Your goal:
Retype the following data exactly, but leave its pictures out.

Data provided:

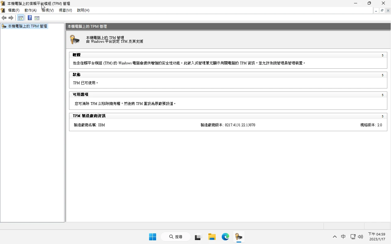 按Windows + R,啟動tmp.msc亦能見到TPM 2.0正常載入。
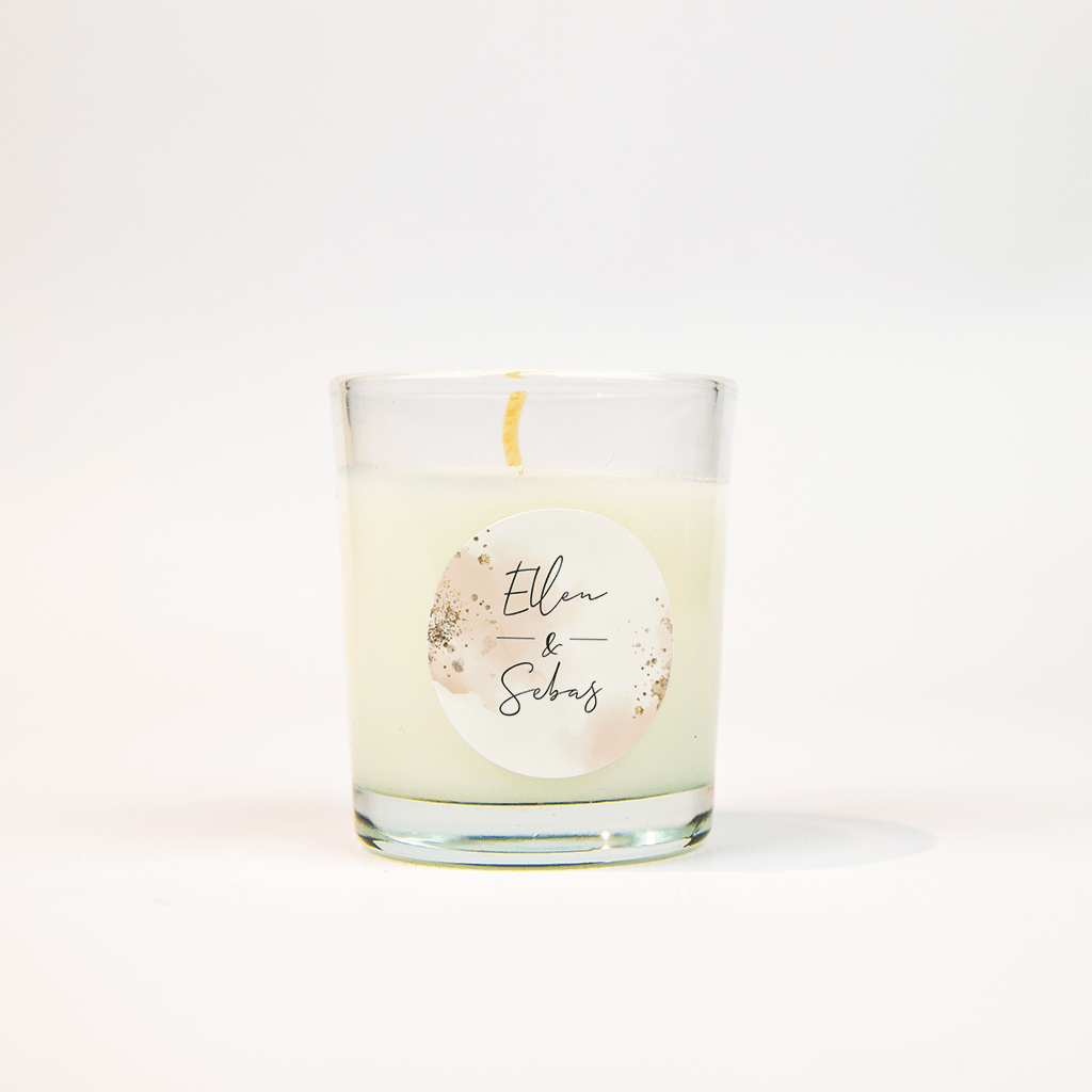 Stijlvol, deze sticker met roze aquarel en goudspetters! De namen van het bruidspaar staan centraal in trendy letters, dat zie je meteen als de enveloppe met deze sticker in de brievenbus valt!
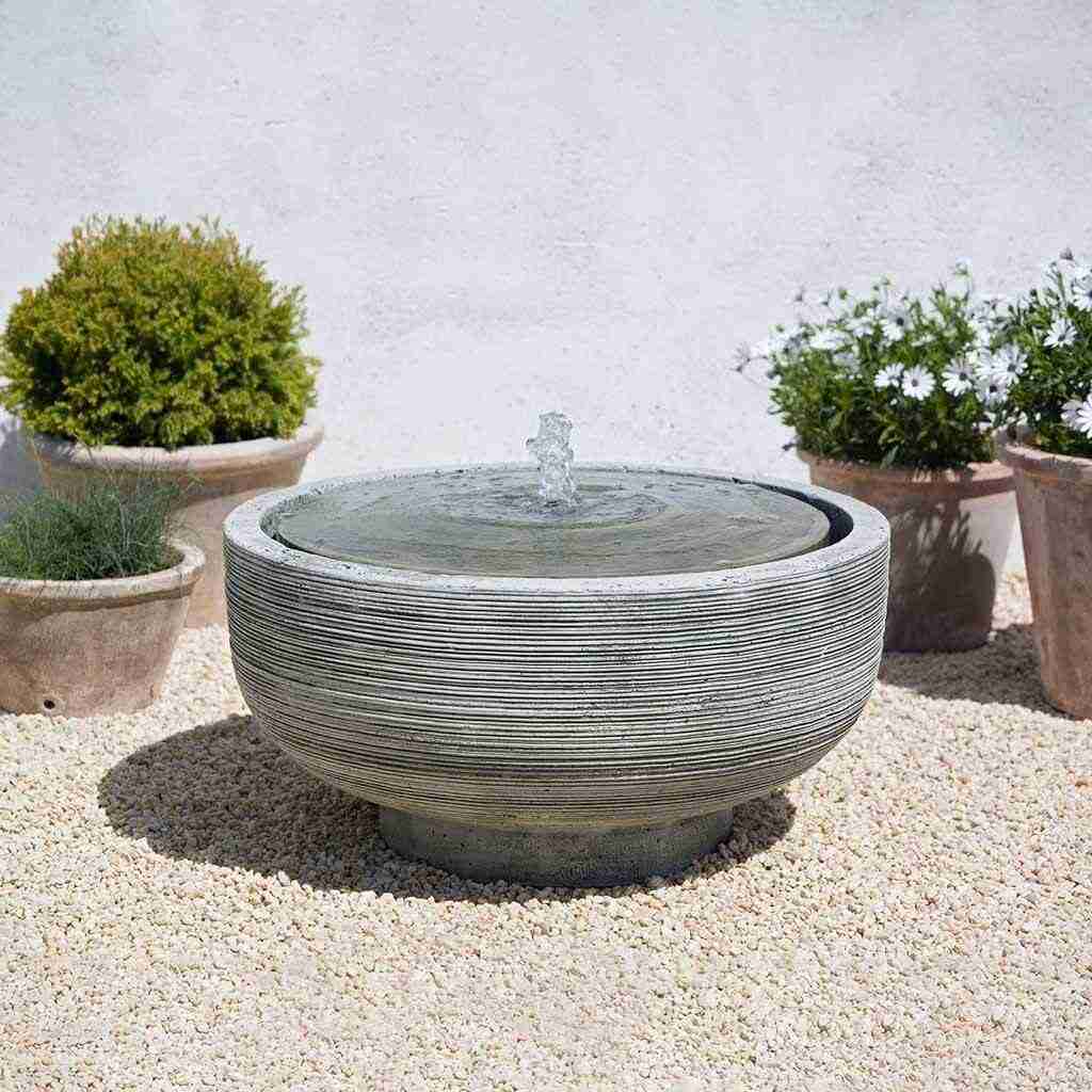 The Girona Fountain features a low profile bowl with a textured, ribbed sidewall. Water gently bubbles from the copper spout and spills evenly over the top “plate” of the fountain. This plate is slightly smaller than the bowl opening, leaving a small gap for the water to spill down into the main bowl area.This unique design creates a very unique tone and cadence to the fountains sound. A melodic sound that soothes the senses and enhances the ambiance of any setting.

Response for this exercise:
 按Windows + R,啟動tmp.msc亦能見到TPM 2.0正常載入。
 Stijlvol, deze sticker met roze aquarel en goudspetters! De namen van het bruidspaar staan centraal in trendy letters, dat zie je meteen als de enveloppe met deze sticker in de brievenbus valt!
 The Girona Fountain features a low profile bowl with a textured, ribbed sidewall. Water gently bubbles from the copper spout and spills evenly over the top “plate” of the fountain. This plate is slightly smaller than the bowl opening, leaving a small gap for the water to spill down into the main bowl area.This unique design creates a very unique tone and cadence to the fountains sound. A melodic sound that soothes the senses and enhances the ambiance of any setting.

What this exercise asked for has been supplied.